Старший лейтенант Крохин и Борис Рублев стояли возле двери в гостиницу «Арбат». Они курили, лейтенант жевал купленный в гостиничном буфете пирожок с рисом.

– Ну и? – спросил Рублев.

– Ну и ничего. На первый взгляд – самоубийство. Но доктор говорит – что-то не так. Вроде бы странгуляционная борозда не совсем укладывается в версию. Надо подробнее смотреть. А вообще теперь проблем, как ни крути, не оберешься. Даже не внешних. Ты, вообще, давно тут живешь?

– Пятый день, – ответил Комбат.

– Понятно. Тогда, конечно, ты не в курсе. Тут последний месяц смертность высокая.

– В гостинице?

– Ага. Персонал мрет как мухи. Вот, четвертый труп.

– Ни хрена себе! И что с ними?

– Ну, строго говоря, все укладывается в понятие «несчастный случай». Или самоубийство. Сначала охранника током убило – пьяным на кой-то леший полез в распределительный щит. Потом столяр на машине разбился, потом на кухне посудомойка выпила случайно средство от тараканов. Теперь этот хмырь повесился.

Рублев покачал головой.

– Да уж, весело! Теперь понятно, что за мистикой тут развлекаются.

Оперуполномоченный посмотрел на Комбата.

– А что за мистика?

– А ты что, не слышал? Какой-то Черный Матрос.

Крохин почесал нос.

– Ах, ты про это? Ну так про Черного Матроса только ленивый не слышал! История известная. В восемнадцатом году из порта вышел пароход в Одессу. И далеко не ушел – какая-то мразь подложила бомбу в трюм. Разворотило полднища, корабль утонул вон там, – опер показал пальцем в сторону моря.

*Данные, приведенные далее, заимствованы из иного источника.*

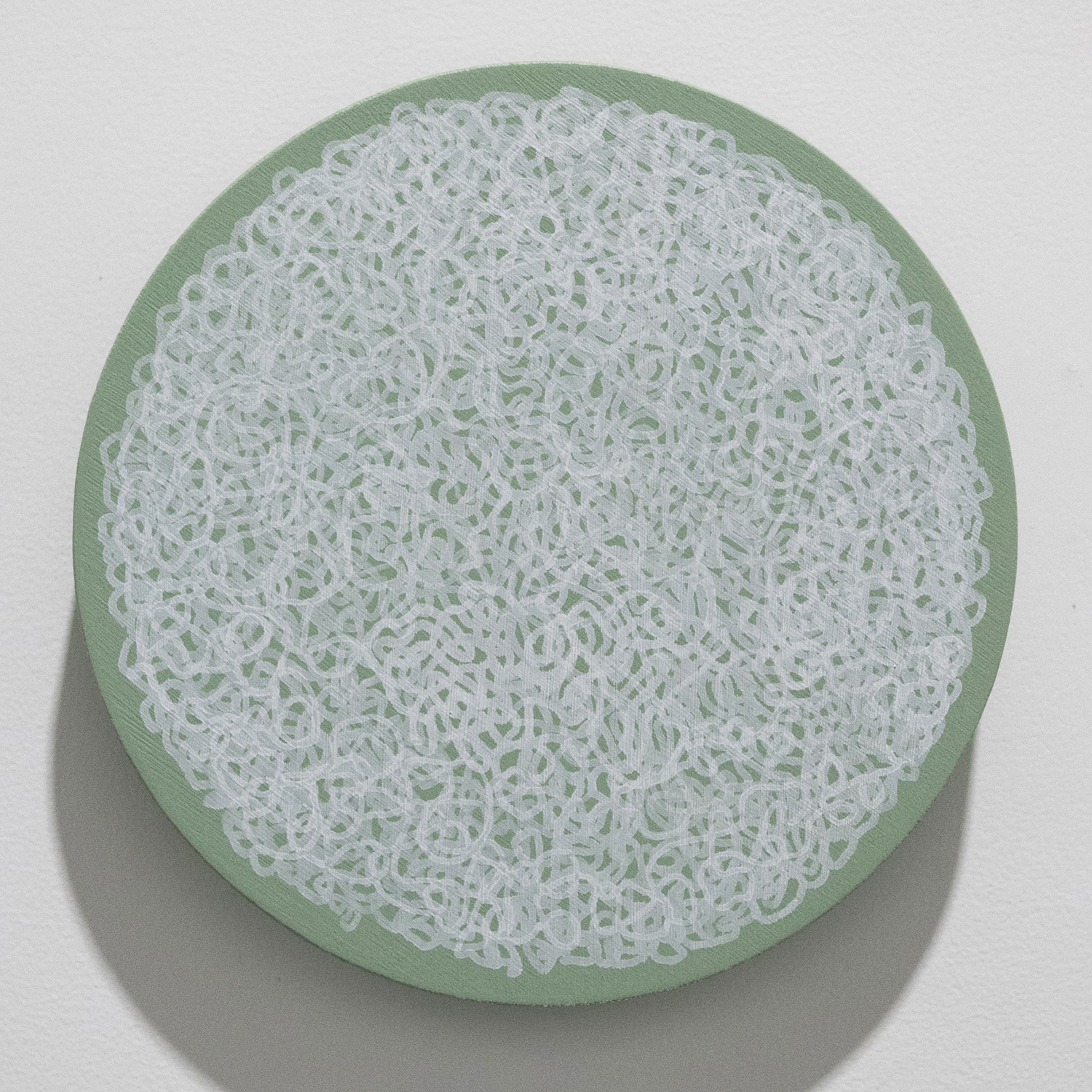 31 minutes 2 seconds continuous line with my eyes closed, Ivan Lupi, acrylic and oil marker on wood panel, 200x200mm, 2024

Как прикинул Рублев, участок, на котором утонул пароход, находился в полукилометре от берега.

– Практически никто не спасся, – продолжил Крохин. – А на том пароходе везли батальон революционных матросов с Балтики. Так тела этих парней еще две недели к берегу прибивало. Им потом братскую могилу сделали – аккурат вот здесь. Ну а сразу после войны было решено построить здесь гостиницу. Ну могилку-то и сковырнули незаметно.

– О как. И теперь, значит, люди уверены, что матросы мстят?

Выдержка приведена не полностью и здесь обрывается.